▸ What you should do: Repeat the data below in full. Pictures must not be part of the copy.

Extracted records
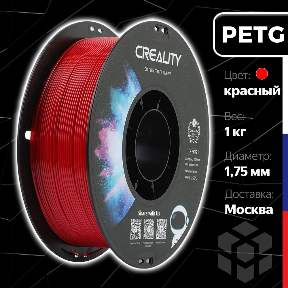 Купить Нить для 3D-принтера Creality PETG, 1 кг, диаметр 1.75 мм, красный с доставкой по всей России. Нить для 3D-принтера Creality PETG, 1 кг, диаметр 1.75 мм, красный: сравнение цен, характеристики, фото, актуальное наличие и цены.
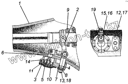 Каталог запасных частей к технике: Камский автозавод 65115. Механизм блокировки МКД среднего и заднего мостов
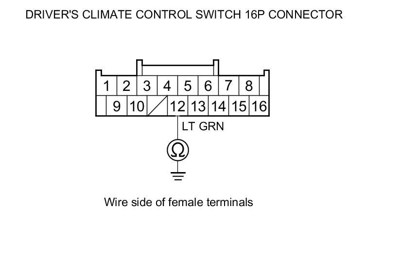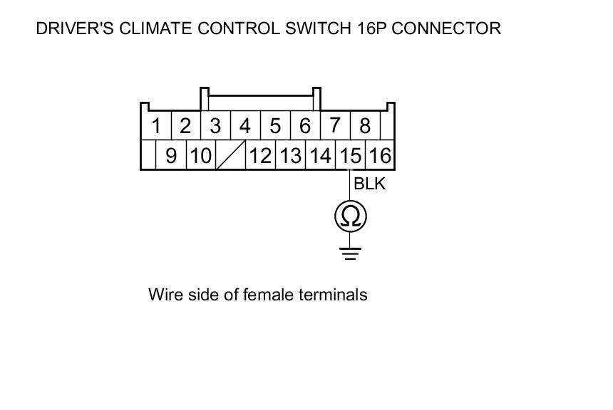 16. Check for continuity between driver's climate control switch 16P connector terminal No. 15 and body ground.
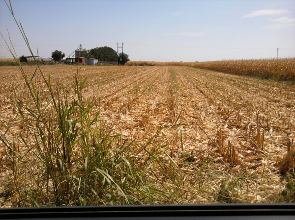 Αριστερά, δεξιά, όπου κοιτούσες, παντού χωράφια. Κυρίως καπνά. Νομίζω βιρτζίνια, όχι ότι έχει σημασία όμως. Από τα χωράφια αυτά απογειώνονταν οι μαχητές των αιθέρων κατά τις τελευταίες εβδομάδες του ελληνο-ιταλικού πολέμου και την απαρχή της γερμανικής εισβολής.
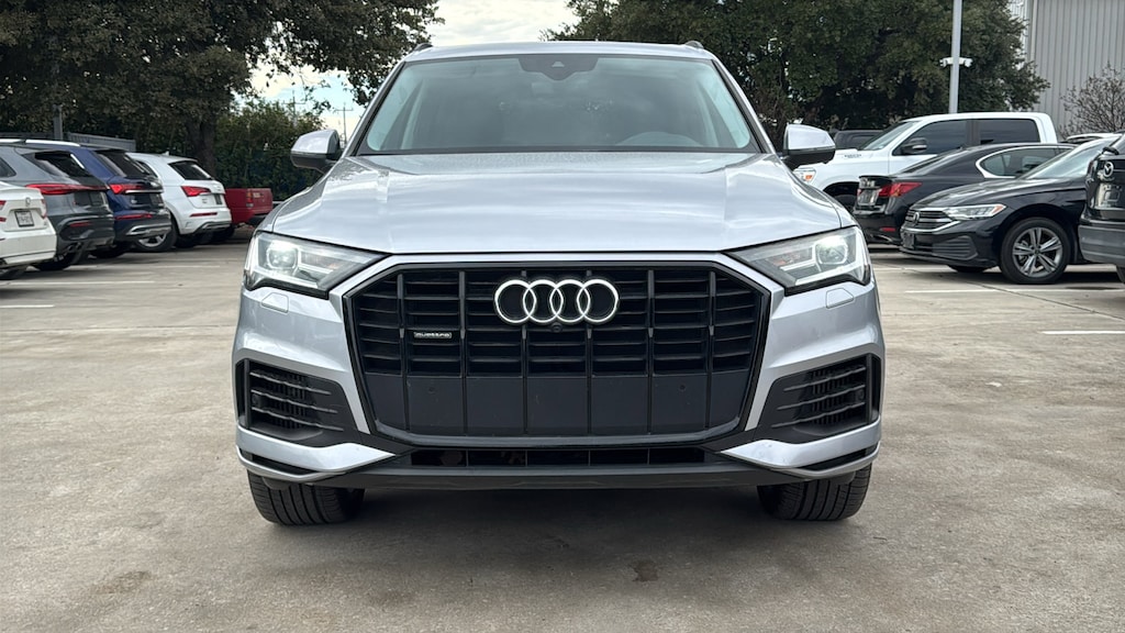 Audi North Park is proud to offer this terrific 2021 Audi Q7 55 Premium Plus. Well equipped with Ambient Interior Lighting Package, Black Optic Exterior Package (Black Door Blades, Black Front & Rear Bumper Inserts, Black Grille, Black Roof Rails, and Black Window Surrounds), Black Optic Package (Wheels: 21 10-Spoke Star-Design Bi-Color Black), Convenience Package (3-Spoke Multifunction Steering Wheel w/Paddles, Audi Phone Box w/Wireless Charging, Heated Auto-Dimming Power Folding Exterior Mirrors, and Topview Camera System), Premium Plus Package (Bang & Olufsen 3D Premium Sound System, Illuminated Door Sills, and Wheels: 20 5-Spoke Turbine-Design), Audi smartphone interface (Apple CarPlay/Android Auto), Auto High-beam Headlights, Heated Front Bucket Seats, Navigation system: Audi MMI Navigation plus with Touch Response, Power Liftgate, Power moonroof, Power passenger seat, Reclining 3rd row seat, 10 Speakers, 3.204 Axle Ratio, 3rd row seats: bench, 4-Wheel Disc Brakes, ABS brakes, Air Conditioning, Alloy wheels, AM/FM radio: SiriusXM, Auto-dimming Rear-View mirror, Automatic temperature control, Brake assist, Bumpers: body-color, Compass, Delay-off headlights, Driver door bin, Driver vanity mirror, Dual front impact airbags, Dual front side impact airbags, Electronic Stability Control, Emergency communication system: Audi connect CARE, PRIME & PLUS, Exterior Parking Camera Rear, Four wheel independent suspension, Front anti-roll bar, Front Bucket Seats, Front Center Armrest, Front dual zone A/C, Front fog lights, Front reading lights, Fully automatic headlights, Garage door transmitter: HomeLink, Genuine wood door panel insert, Heated door mirrors, Heated front seats, Illuminated entry, Leather Seating Surfaces, Leather Shift Knob, Leather steering wheel, Low tire pressure warning, Memory seat, Occupant sensing airbag, Outside temperature display, Overhead airbag, Overhead console, Panic alarm, Passenger door bin, Passenger vanity mirror, Power door mirrors, Power driver seat, Power steering, Power windows, Radio data system, Radio: Audi Sound System, Rain sensing wipers, Rear air conditioning, Rear anti-roll bar, Rear fog lights, Rear reading lights, Rear seat center armrest, Rear window defroster, Rear window wiper, Remote keyless entry, Roof rack: rails only, Security system, Speed control, Speed-sensing steering, Split folding rear seat, Spoiler, Steering wheel memory, Steering wheel mounted audio controls, Tachometer, Telescoping steering wheel, Tilt steering wheel, Traction control, Trip computer, Turn signal indicator mirrors, Variably intermittent wipers, and Wheels: 19 5-Arm-Star Design.
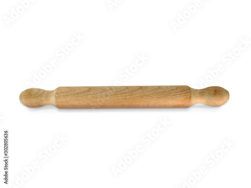 kneading roller.- Wooden rolling pin isolated on white background. Vintage. Wooden rolling pin with clipping path. White background. Domestic kitchen.
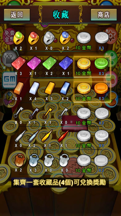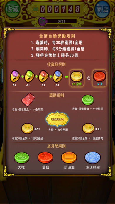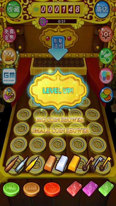 【关于黄金版本】 去除广告条 更多的免费游戏币:初始数量比免费版本多很多 【游戏介绍】 经曲的推金币游戏, 搭配华丽大气的设计风格, 绝对能让您眼前一亮。 加上游戏中随机内置的各种收藏品, 最适合有收集僻好的玩家大展身手。 收藏品套装更可以兑换游戏币或者丰富的道具币。 加油吧!骚年! 【游戏玩法】 玩法简单却乐趣无穷, 游戏中玩家控制金币掉落桌面, 推台不断推送面前的金币使它们掉进得分洞中, 最终成为玩家的囊中之物。 【游戏特色】 - 仿真金币机游戏效果,华丽大气的游戏界面 - 简单易懂的操作方法,爽快刺激的玩法 - 超多豪华道具,让您收集乐不停 - 轻快的游戏音乐,给您推金币的真实视听体验 - 严密的升级系统,绝对激发您的挑战欲望 >>>>>更多功能即将推出…
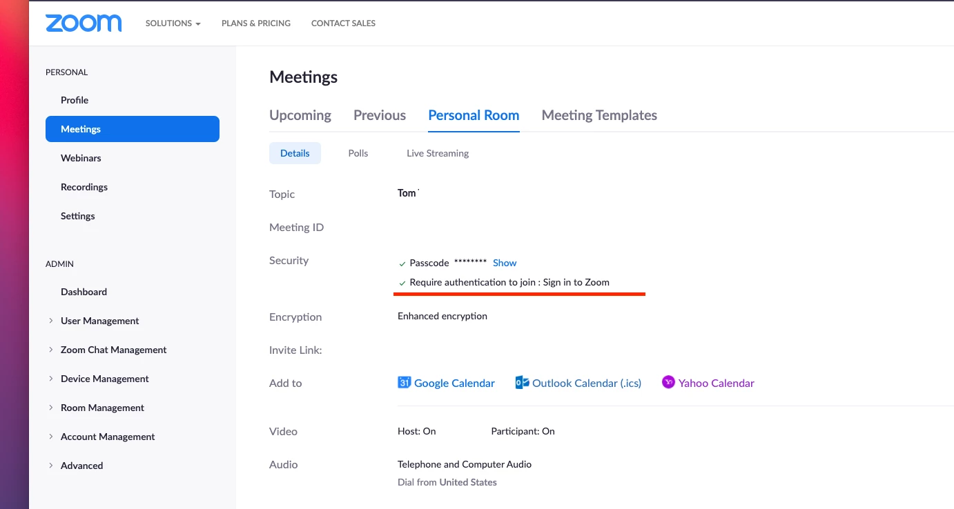 In my settings, it says it is off. But when in a zoom meeting it says its enabled. Any participant that wants to join a meeting has to authenticate before joining. I did not turn this function on and at some point it just started being permanently on regardless of what the "on / off" switch does in settings. Any ideas?
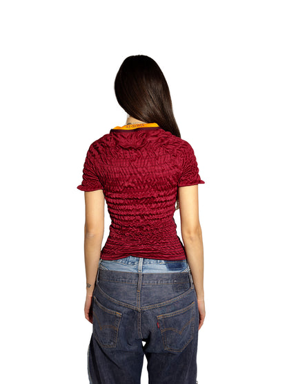 Crafted from original vintage football jerseys, reimagined through the wrinkle stitching technique. Raw textures and folds define its silhouette, turning imperfection into identity. A signature Again Studios piece: bold and built to last.
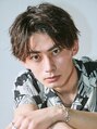 緩めのツイストをかけたアップバングです。リバースに流すことで男らしさを前面にだしています。タオルドライ後、前髪をかき上げながらドライ。ドライ後はツヤのあるハードタイプのスタイリング剤で束感を出しながら後ろに流してセットします。
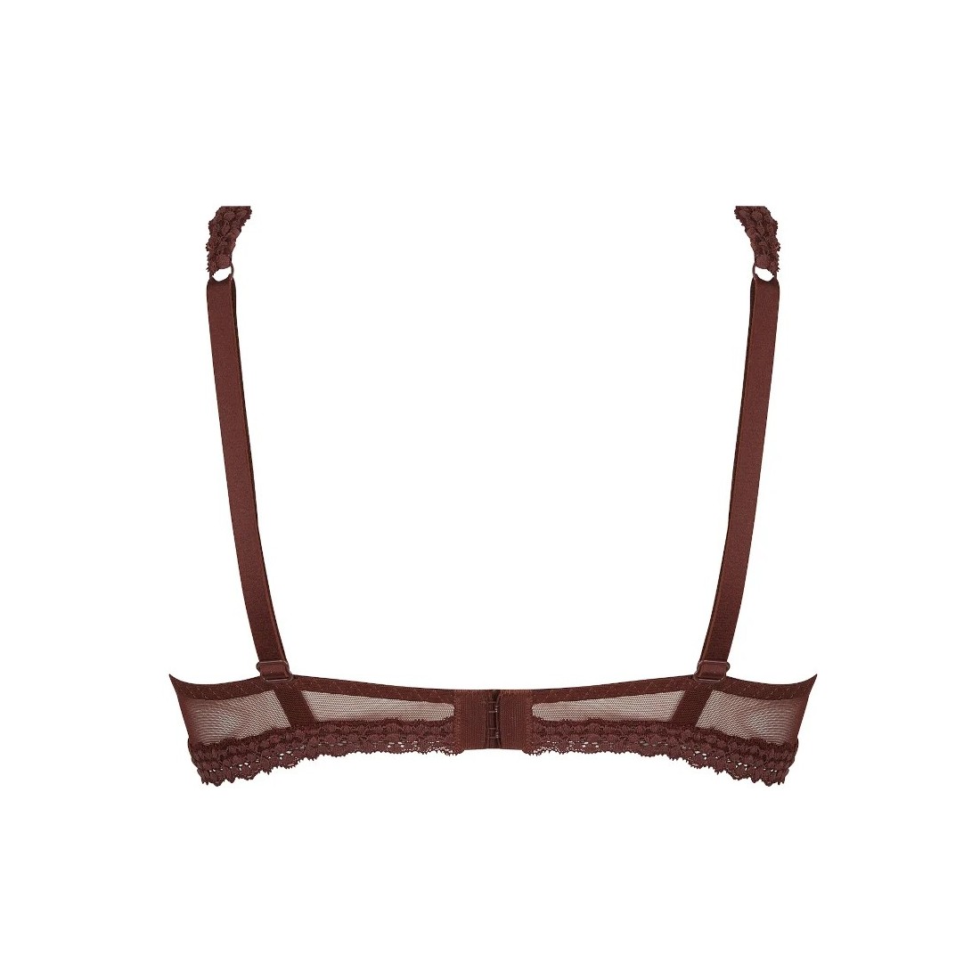 Sostenidor de la marca Antigel. Col·lecció Exquise En Dentelle amb la referència ECJ7047. Disseny de moda amb foam parcial a les copes i cèrcols. Escot pronunciat, sexi i còmode. Sostenidor amb encaix i el baix de banda sobre tul. Joia decorativa al centre. Tires còmodes i ajustables.
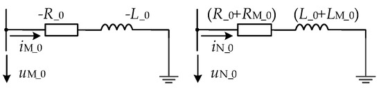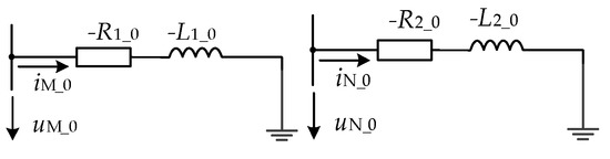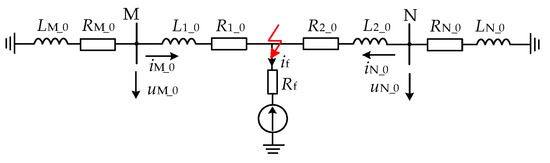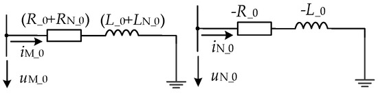 According to Formula (12), when the ground fault occurs in the positive direction of the directional element, the fault model that meets the zero-mode current and zero-mode voltage measured at the protection installation is the series model of negative resistance and negative inductance, as shown in Figure 5.
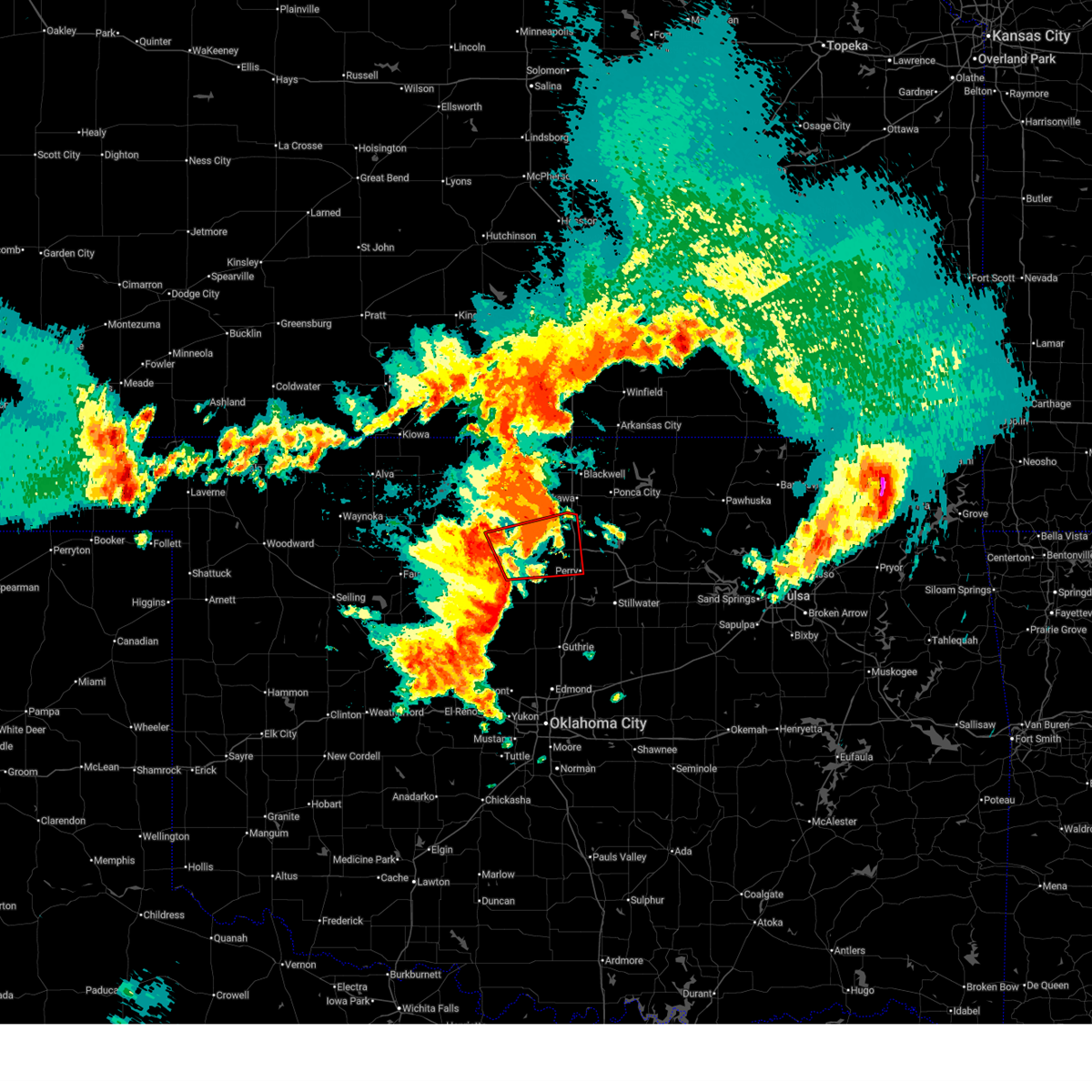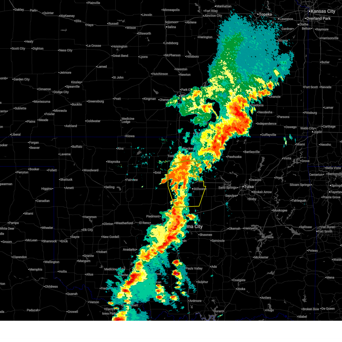 At 1032 pm cdt, a severe thunderstorm capable of producing a tornado was located near fairmont, moving east at 65 mph (radar indicated rotation). Hazards include tornado. Flying debris will be dangerous to those caught without shelter. mobile homes will be damaged or destroyed. damage to roofs, windows, and vehicles will occur. tree damage is likely. locations impacted include, enid, perry, garber, covington, billings, breckenridge, fairmont, douglas, lucien, north enid, and hayward. This includes interstate 35 between mile markers 186 and 207.
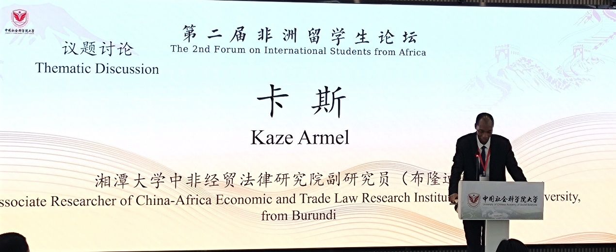 2024年4月15日,由中国非洲研究院主办、中国社会科学院大学承办的“第二届非洲留学生论坛”在中国社会科学院大学(良乡校区)举办。本次论坛以“新时代新青年:我们与中国同成长”为主题。来自16个非洲国家,就读于中国高校的三十余位非洲留学生代表,以及中国高校院所的专家学者等近百人参会,共话新时代中非青年的使命担当。中非经贸法律研究院副院长、bevictor伟德官网副教授张小虎,中非经贸法律研究院副研究员卡斯(Kaze Armel,布隆迪),bevictor伟德官网国际法专业博士生天佑(KakuruDassy,乌干达),中非经贸法律研究院研究人员郭炯等应邀参会。
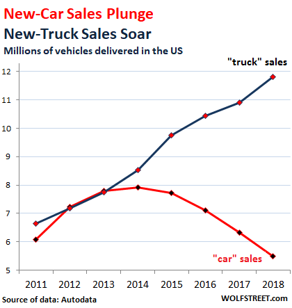 The rift in terms of cars between what is happening in the new-vehicle market and in the used-vehicle market is getting wider: On the new side, car sales have been getting crushed since 2014, while sales of “trucks” – pickups, SUVs, crossovers and vans – have become red-hot. Over the four years of Carmageddon, as I call it, from 2014 through 2018, industry-wide new-car sales have plunged nearly 30% to just 5.5 million units while new “truck” sales have soared 38% to 11.8 million units. This is the chart I like to show:

▸ Answer to this task:
 Купить Нить для 3D-принтера Creality PETG, 1 кг, диаметр 1.75 мм, красный с доставкой по всей России. Нить для 3D-принтера Creality PETG, 1 кг, диаметр 1.75 мм, красный: сравнение цен, характеристики, фото, актуальное наличие и цены.
 Каталог запасных частей к технике: Камский автозавод 65115. Механизм блокировки МКД среднего и заднего мостов
 16. Check for continuity between driver's climate control switch 16P connector terminal No. 15 and body ground.
 Αριστερά, δεξιά, όπου κοιτούσες, παντού χωράφια. Κυρίως καπνά. Νομίζω βιρτζίνια, όχι ότι έχει σημασία όμως. Από τα χωράφια αυτά απογειώνονταν οι μαχητές των αιθέρων κατά τις τελευταίες εβδομάδες του ελληνο-ιταλικού πολέμου και την απαρχή της γερμανικής εισβολής.
 Audi North Park is proud to offer this terrific 2021 Audi Q7 55 Premium Plus. Well equipped with Ambient Interior Lighting Package, Black Optic Exterior Package (Black Door Blades, Black Front & Rear Bumper Inserts, Black Grille, Black Roof Rails, and Black Window Surrounds), Black Optic Package (Wheels: 21 10-Spoke Star-Design Bi-Color Black), Convenience Package (3-Spoke Multifunction Steering Wheel w/Paddles, Audi Phone Box w/Wireless Charging, Heated Auto-Dimming Power Folding Exterior Mirrors, and Topview Camera System), Premium Plus Package (Bang & Olufsen 3D Premium Sound System, Illuminated Door Sills, and Wheels: 20 5-Spoke Turbine-Design), Audi smartphone interface (Apple CarPlay/Android Auto), Auto High-beam Headlights, Heated Front Bucket Seats, Navigation system: Audi MMI Navigation plus with Touch Response, Power Liftgate, Power moonroof, Power passenger seat, Reclining 3rd row seat, 10 Speakers, 3.204 Axle Ratio, 3rd row seats: bench, 4-Wheel Disc Brakes, ABS brakes, Air Conditioning, Alloy wheels, AM/FM radio: SiriusXM, Auto-dimming Rear-View mirror, Automatic temperature control, Brake assist, Bumpers: body-color, Compass, Delay-off headlights, Driver door bin, Driver vanity mirror, Dual front impact airbags, Dual front side impact airbags, Electronic Stability Control, Emergency communication system: Audi connect CARE, PRIME & PLUS, Exterior Parking Camera Rear, Four wheel independent suspension, Front anti-roll bar, Front Bucket Seats, Front Center Armrest, Front dual zone A/C, Front fog lights, Front reading lights, Fully automatic headlights, Garage door transmitter: HomeLink, Genuine wood door panel insert, Heated door mirrors, Heated front seats, Illuminated entry, Leather Seating Surfaces, Leather Shift Knob, Leather steering wheel, Low tire pressure warning, Memory seat, Occupant sensing airbag, Outside temperature display, Overhead airbag, Overhead console, Panic alarm, Passenger door bin, Passenger vanity mirror, Power door mirrors, Power driver seat, Power steering, Power windows, Radio data system, Radio: Audi Sound System, Rain sensing wipers, Rear air conditioning, Rear anti-roll bar, Rear fog lights, Rear reading lights, Rear seat center armrest, Rear window defroster, Rear window wiper, Remote keyless entry, Roof rack: rails only, Security system, Speed control, Speed-sensing steering, Split folding rear seat, Spoiler, Steering wheel memory, Steering wheel mounted audio controls, Tachometer, Telescoping steering wheel, Tilt steering wheel, Traction control, Trip computer, Turn signal indicator mirrors, Variably intermittent wipers, and Wheels: 19 5-Arm-Star Design.
 kneading roller.- Wooden rolling pin isolated on white background. Vintage. Wooden rolling pin with clipping path. White background. Domestic kitchen.
 【关于黄金版本】 去除广告条 更多的免费游戏币:初始数量比免费版本多很多 【游戏介绍】 经曲的推金币游戏, 搭配华丽大气的设计风格, 绝对能让您眼前一亮。 加上游戏中随机内置的各种收藏品, 最适合有收集僻好的玩家大展身手。 收藏品套装更可以兑换游戏币或者丰富的道具币。 加油吧!骚年! 【游戏玩法】 玩法简单却乐趣无穷, 游戏中玩家控制金币掉落桌面, 推台不断推送面前的金币使它们掉进得分洞中, 最终成为玩家的囊中之物。 【游戏特色】 - 仿真金币机游戏效果,华丽大气的游戏界面 - 简单易懂的操作方法,爽快刺激的玩法 - 超多豪华道具,让您收集乐不停 - 轻快的游戏音乐,给您推金币的真实视听体验 - 严密的升级系统,绝对激发您的挑战欲望 >>>>>更多功能即将推出…
 In my settings, it says it is off. But when in a zoom meeting it says its enabled. Any participant that wants to join a meeting has to authenticate before joining. I did not turn this function on and at some point it just started being permanently on regardless of what the "on / off" switch does in settings. Any ideas?
 Crafted from original vintage football jerseys, reimagined through the wrinkle stitching technique. Raw textures and folds define its silhouette, turning imperfection into identity. A signature Again Studios piece: bold and built to last.
 緩めのツイストをかけたアップバングです。リバースに流すことで男らしさを前面にだしています。タオルドライ後、前髪をかき上げながらドライ。ドライ後はツヤのあるハードタイプのスタイリング剤で束感を出しながら後ろに流してセットします。
 Sostenidor de la marca Antigel. Col·lecció Exquise En Dentelle amb la referència ECJ7047. Disseny de moda amb foam parcial a les copes i cèrcols. Escot pronunciat, sexi i còmode. Sostenidor amb encaix i el baix de banda sobre tul. Joia decorativa al centre. Tires còmodes i ajustables.
 According to Formula (12), when the ground fault occurs in the positive direction of the directional element, the fault model that meets the zero-mode current and zero-mode voltage measured at the protection installation is the series model of negative resistance and negative inductance, as shown in Figure 5.
 At 1032 pm cdt, a severe thunderstorm capable of producing a tornado was located near fairmont, moving east at 65 mph (radar indicated rotation). Hazards include tornado. Flying debris will be dangerous to those caught without shelter. mobile homes will be damaged or destroyed. damage to roofs, windows, and vehicles will occur. tree damage is likely. locations impacted include, enid, perry, garber, covington, billings, breckenridge, fairmont, douglas, lucien, north enid, and hayward. This includes interstate 35 between mile markers 186 and 207.
 2024年4月15日,由中国非洲研究院主办、中国社会科学院大学承办的“第二届非洲留学生论坛”在中国社会科学院大学(良乡校区)举办。本次论坛以“新时代新青年:我们与中国同成长”为主题。来自16个非洲国家,就读于中国高校的三十余位非洲留学生代表,以及中国高校院所的专家学者等近百人参会,共话新时代中非青年的使命担当。中非经贸法律研究院副院长、bevictor伟德官网副教授张小虎,中非经贸法律研究院副研究员卡斯(Kaze Armel,布隆迪),bevictor伟德官网国际法专业博士生天佑(KakuruDassy,乌干达),中非经贸法律研究院研究人员郭炯等应邀参会。
 The rift in terms of cars between what is happening in the new-vehicle market and in the used-vehicle market is getting wider: On the new side, car sales have been getting crushed since 2014, while sales of “trucks” – pickups, SUVs, crossovers and vans – have become red-hot. Over the four years of Carmageddon, as I call it, from 2014 through 2018, industry-wide new-car sales have plunged nearly 30% to just 5.5 million units while new “truck” sales have soared 38% to 11.8 million units. This is the chart I like to show:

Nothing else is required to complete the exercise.